___ PROVIDED ENTRIES

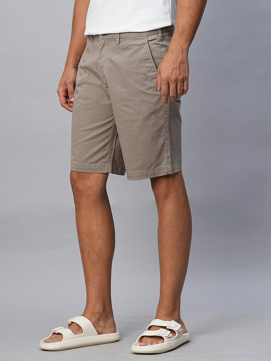 Men's Lt Brown Cotton Lycra Regular Fit Shorts
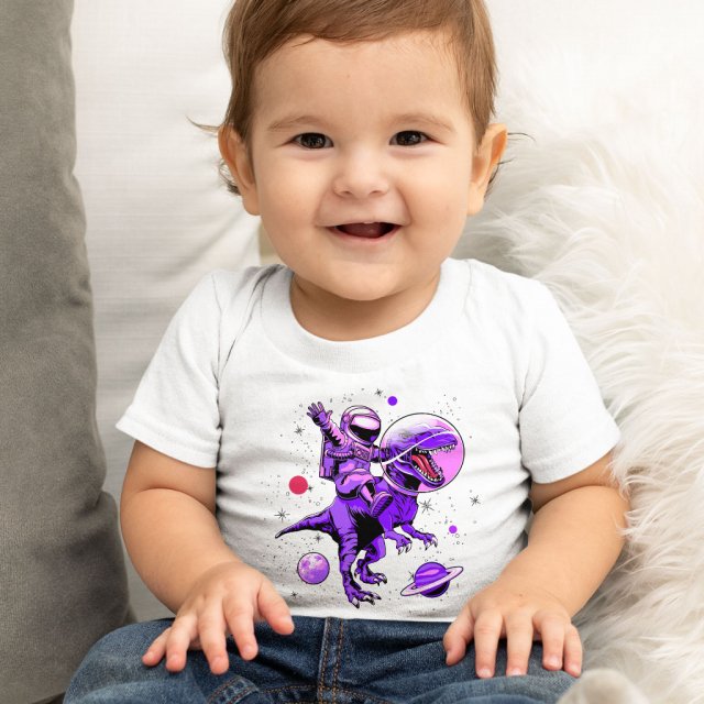 Dinosaurs In Space Baby Jersey T-Shirt – Astronaut Baby T-Shirt – Galaxy T-Shirt for Babies
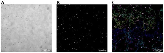 Representative images of the track analysis process. (A) Bright-field microscope image taken in original grayscale. (B) Same image converted to binary, where Acanthamoebae appear as white organisms on a black background. (C) Same image with selected tracks shown (not all tracks present), where ImageJ has assigned a unique color for each individual track. Magnification = 4×, scale bar = 500 um.
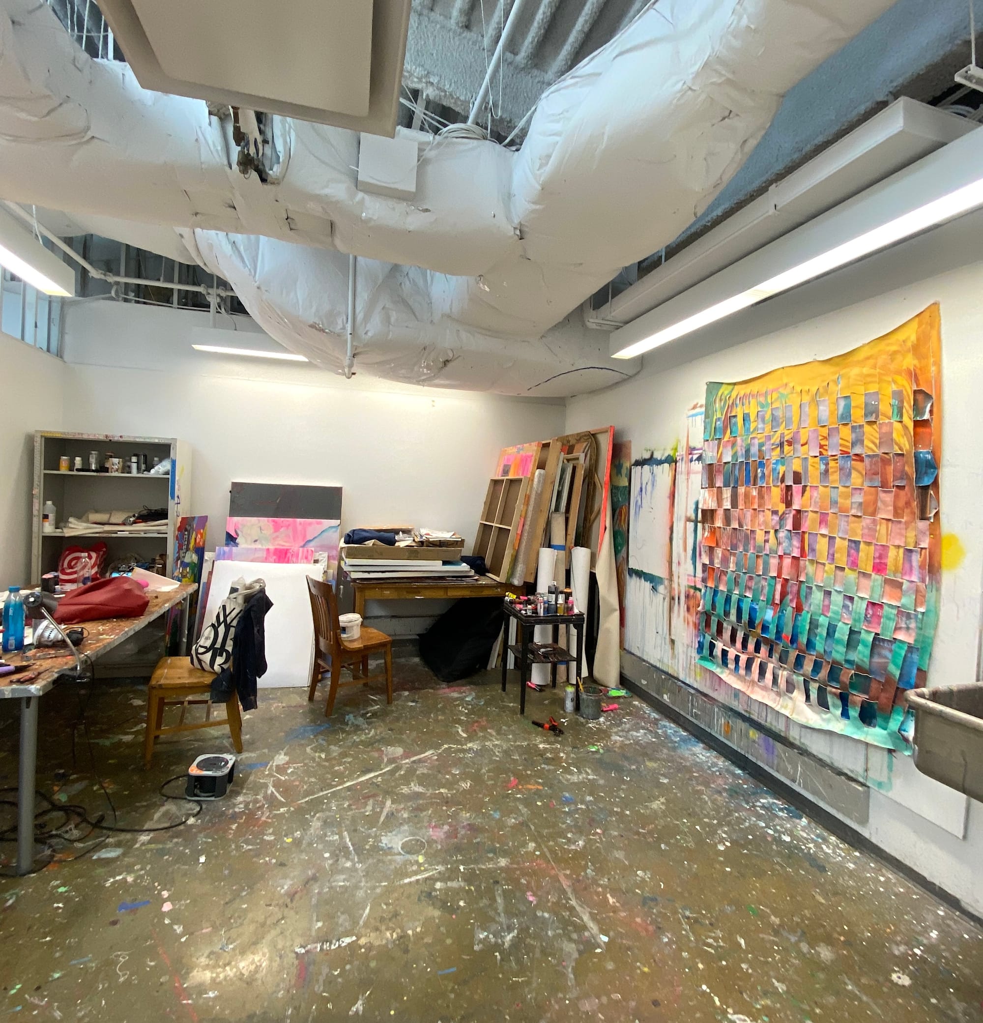 Welcome to the 314th installment of A View From the Easel, a series in which artists reflect on their workspace. This week, artists pace about their studios and weave painted canvases.
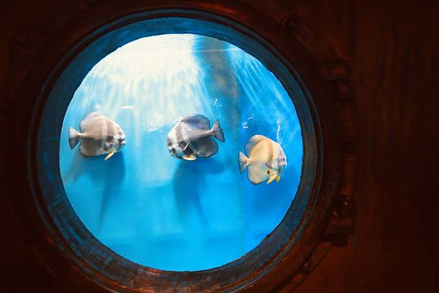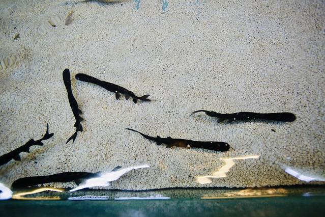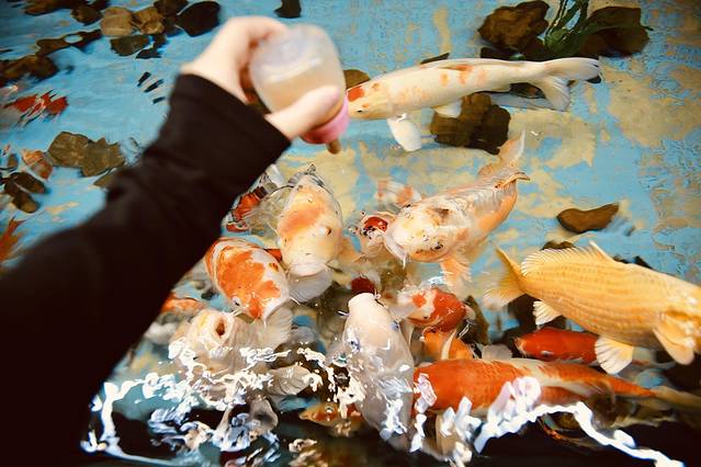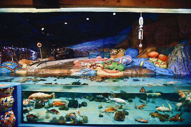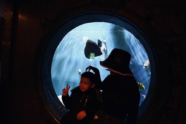 检票之后首先看到了不同种类的鱼儿们。有淡水鱼,鲟鱼,鸭嘴鲟,彩鲫,等,可以自己买鱼饵投喂。鱼饵的容器十分可爱,是奶瓶形状。15元一份,可以玩好长时间哈。⚠️这里请注意,有的鱼是有毒的,看好指示牌,安全第一。还有牛角,魔鬼鱼,鹞鱼,很多都记不住名字了,真想都搬回家养。
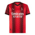 The AC Milan Home Jersey 2023/24 is a celebration of the club's iconic red and black stripes, with a modern twist. The stripes are transformed into a completely new repeat graphic that celebrates the city, the team, and their role at the heart of a community that's constantly evolving, constantly moving things on. The jersey also features yellow details on the collar and cuffs, adding a pop of color. The AC Milan crest is embroidered on the left chest of the jersey, and the Puma logo is embroidered on the right chest. The jersey also has a sponsor logo on the front and a player name and number on the back. The AC Milan Home Jersey 2023/24 is made from a lightweight, breathable fabric that is designed to keep players cool and comfortable on the pitch. It also features dryCELL technology, which helps to wick away sweat and keep players dry. Overall, the AC Milan Home Jersey 2023/24 is a stylish and functional jersey that is perfect for both players and fans alike. It is a must-have for any AC Milan supporter.
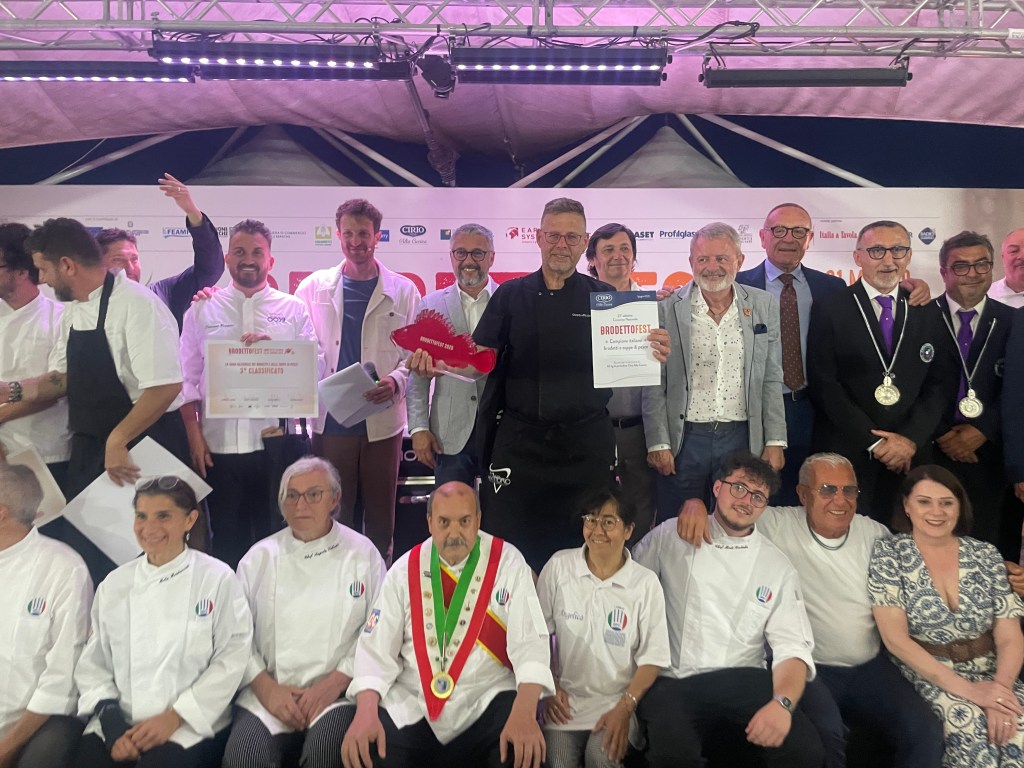 “Per essere riuscito a interpretare la tradizione e la modernità allo stesso tempo’: con questa motivazione il Ciuppin ligure di chef Giuseppe Bizioli, già vincitore nel 2023, si aggiudica il premio come Migliore Zuppa di Pesce Italiana anche in queta edizione. A decretare il suo successo sono stati i voti della giuria popolare composta dagli ospiti dei 4 turni di gara e le valutazioni della giuria tecnica composta dal gotha della critica enogastronomica italiana: Alberto Lupini, direttore di Italia a Tavola (presidente), Davide Eusebi de Il Resto del Carlino, Igles Corelli, volto noto di Gambero Rosso e Sonia Peronaci, cuoca, conduttrice televisiva e scrittrice, fondatrice di Giallo Zafferano.

______

## EXERCISE
Find where the line with "Representative images of" sits in the material above and where the line with "检票之后首先看到了不同种类的" sits. Set down exactly the lines from the first to the second, both included and nothing else, without pictures.

## SOLUTION
 Representative images of the track analysis process. (A) Bright-field microscope image taken in original grayscale. (B) Same image converted to binary, where Acanthamoebae appear as white organisms on a black background. (C) Same image with selected tracks shown (not all tracks present), where ImageJ has assigned a unique color for each individual track. Magnification = 4×, scale bar = 500 um.
 Welcome to the 314th installment of A View From the Easel, a series in which artists reflect on their workspace. This week, artists pace about their studios and weave painted canvases.
 检票之后首先看到了不同种类的鱼儿们。有淡水鱼,鲟鱼,鸭嘴鲟,彩鲫,等,可以自己买鱼饵投喂。鱼饵的容器十分可爱,是奶瓶形状。15元一份,可以玩好长时间哈。⚠️这里请注意,有的鱼是有毒的,看好指示牌,安全第一。还有牛角,魔鬼鱼,鹞鱼,很多都记不住名字了,真想都搬回家养。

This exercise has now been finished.